Web application warmup during DXC Service deployments
When deploying through the DXC Service Management Portal, warmup is both configured (when needed) and tested automatically as a part of the deployment. Since it's usually the most time-consuming part of a deployment, this blog post is aimed at providing a few more details on what's going on at this step and provide some information on how it can be done as quickly as possible.
How is warm up configured for sites in DXC Service?
During the first part of the deployment where code is copied and transformations are applied, the deployment engine will check if an applicationInitialization-section exists in Web.config, if it doesn't, it will be automatically created (more information about this is available here). Because of the way Application Initialization works on the underlying web server, some further configuration related to rewrite rules and redirects will be applied if needed as well to ensure that the warmup requests will be as effective as possible (a redirect response will be accepted in the same way as a 200 OK response by application initialization (and not "followed"), which means that a simple http to https redirect could render the whole application initialization configuration almost useless, therefor, rewrite rules are configured so that the application initialization requests are excluded from any redirects).
Once the "code copy"-part of the deployment has finished, the warmup process will begin.
What is happening during the warm up step?
Autoscaling is first temporarily disabled before any warmup starts (making the current number of instances of the web app "fixed") to avoid any unnecessary scaleouts that could otherwise be triggered by the warmup process. After that the first part of a Azure web app "swap with preview" is initiated which ensures that the deployment slot created during the deployment process will be ready to receive production traffic after the swap is completed and avoid any restarts of the web app.
Once that has finished the application initialization process will begin automatically within each individual instance of the web application. On top of this, the deployment engine will also perform a couple of checks to try to validate that this process works as expected. First, each individual instance's local cache status is verified to ensure the best possible performance and stability of the web app once it's swapped.
The application initialization section is also analyzed to find a suitable hostname that can be used to poll the web app and its instances in the slot and check its response (whenever possible, a feature called routing rules is utilized to be able to use a "real" hostname to reach the deployment slot).
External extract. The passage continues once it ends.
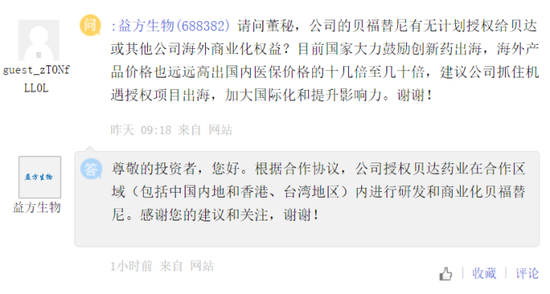 公司的贝福替尼有无计划授权给贝达或其他公司海外商业化权益?目前国家大力鼓励创新药出海,海外产品价格也远远高出国内医保价格的十几倍至几十倍,建议公司抓住机遇授权项目出海,加大国际化和提升影响力。
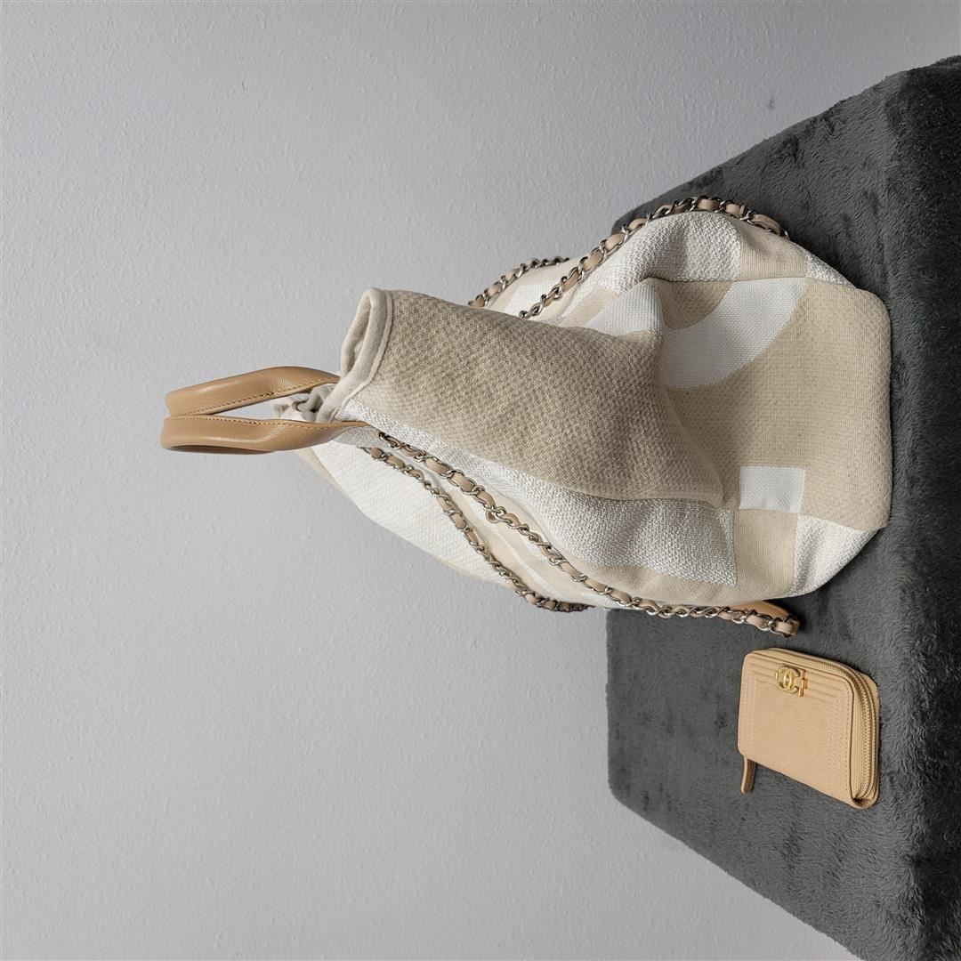 One Chanel CC SHW Canvas Tote Bag in Canvas Cream. Size: W: 38cm H: 38cm x D: 14.5cm (W: 15.0" x H: 15.0" x D: 5.7") Handle: 27cm (10.6") Shoulder: 82 (32.3")

Some of the things analyzed in the response are:
- If the header "X-AppInit-WarmingUp" is returned, it means that the Application Initialization engine is still running
- Which web app instance that sent the response, if the response doesn't come from the same instance as the request was sent to, it indicates that the load balancer in Azure has redirected the request because the Application Initialization engine is still running
- If the request times out, or if the instance responds with errors, it could potentially indicate that the Application Initialization engine is still running and therefor the process will keep polling the site until the response changes or if a timeout value is met
Once all instances of the web app have been validated successfully (or if the timeout value has been met), the deployment will continue with re-enabling autoscaling and allow the site to be swapped after a manual validation.
What can be done to speed this up?
Local cache
When it comes to local cache, the only thing that can be done to make this as quick as possible is to keep the web app file size as small as possible, it's otherwise an internal process in Azure that could potentially be affected by for example network congestion in the underlying infrastructure.
Local cache can sometimes take only a few seconds to be ready, but it could also take several minutes. There is no guarantee that it will be ready on all instances at the same time, which is why the deployment engine will check all of them individually.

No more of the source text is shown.